Imperdibili (Must-See)
Rovaniemi
- Wild About Lapland – Per l’aurora boreale e il tour con gli husky (10km) e la motoslitta.
- Santa Claus Village – Il classico intramontabile.
- Arktikum – Museo e centro scientifico fondamentale per capire l’Artico.
Oulu
- Oulu Market Hall (Kauppahalli) –
- Isola di Pikisaari – L’isola degli artisti.
- Nallikari Beach & Lighthouse – Perfetto per la camminata sul mare ghiacciato.
- Oulun Linna (Castello di Oulu)
Kuopio
- Kuopion Saana – Sauna moderna con vista lago e SPA.
Helsinki
- GuruWalk Helsinki – Per il free walking tour.
- Old Market Hall (Vanha Kauppahalli) – Tapas finlandesi e atmosfera storica.
- Cattedrale di Helsinki – L’icona bianca della città.
- Uspenskin katedraali – La cattedrale ortodossa.
- National Library of Finland – Un capolavoro di architettura interna.
- Amos Rex – Museo d’arte
- Museo di Storia Naturale
Da Mangiare & Bere
Rovaniemi
- Cafè & Bar 21 – I migliori waffle salati della città
- Loft Cafè – Atmosfera cozy e torte fatte in casa.
- Lapland Restaurant Kotahovi – Situato proprio nel villaggio di Babbo Natale.
- Lapland Brewery – Per assaggiare la birra artigianale locale.
Oulu
- Mallassauna – Birrificio e sauna
- Sokeri-Jussin Kievari – Cucina tradizionale in un vecchio magazzino di sale.
- Kauppuri 5 – Famoso per i suoi hamburger
- Kitchen & Bar Oulu – Internazionale ma con ingredienti locali.
- Mallaskellari (Google Maps) – Una taproom accogliente nel cuore di Oulu, ideale per assaggiare diverse craft beer locali.
- Ravintola Teerenpeli (Google Maps) – Un classico finlandese. Producono non solo ottime birre ma anche pluripremiati whisky e sidri.
Kuopio
- Fisu Saana (Kuopio) – Salmone eccellente.

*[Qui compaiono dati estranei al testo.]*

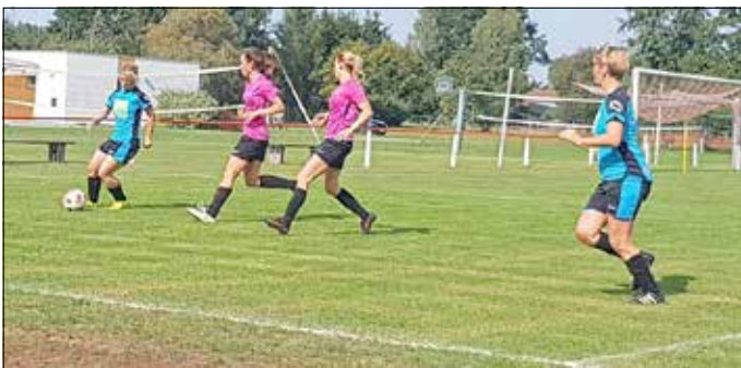
Die Hochoza Miezen in Pink - 4 Spiele, 4 Siege!

Seit Anfang August rollt im Vereinsfußball das runde Leder wieder über den Rasen. Somit ging es auch für die Damen der „Hochoza Miezen“ wieder los. Sie hatten den kleinen Vorteil, dass der Abschluss der alten Saison gleich den Anfang der neuen bildete. Wochen vor Ligastart hatten sie ihr Pokalfinale mit starkem und furiosem Spiel.

- Iso-Kallan Panimo (Google Maps) – Birrificio artigianale che punta tutto sulla qualità e sulla tradizione locale.
- RPS Brewing (Google Maps) – Il nome sta per Rock, Paper, Scissors. È un birrificio super moderno.
Helsinki
- Salama Nation (Google Maps) –Luci al neon, lampade lava e birre IPA incredibili.
- Ekberg 1852 (Helsinki) – La pasticceria più antica della Finlandia.
- Sea Horse (Helsinki) – Un classico dal 1934 per piatti tipici come le aringhe.
- Ravintola Salve (Helsinki) – Storico ristorante di pescatori.
Dove Dormire
Da leggere prima (o durante) il viaggio
- Memorie di Papà Mumin di Tove Jansson – Non si può capire la Finlandia senza i Mumin. Questo libro in particolare celebra lo spirito d’avventura e la libertà, perfetto per accompagnare un diario di viaggio.
- Kalevala – L’epopea nazionale finlandese. È una raccolta di miti e leggende che ti farà vedere le foreste e i laghi con occhi diversi. Sapevi che ha ispirato tantissimo Tolkien per il suo Signore degli Anelli?
- Lettere di Babbo Natale di J.R.R. Tolkien – Se vai a Rovaniemi, questo è un must. Sono le lettere che Tolkien scriveva ai suoi figli fingendo di essere Babbo Natale. Leggerlo mentre sei nel suo villaggio ufficiale è pura magia!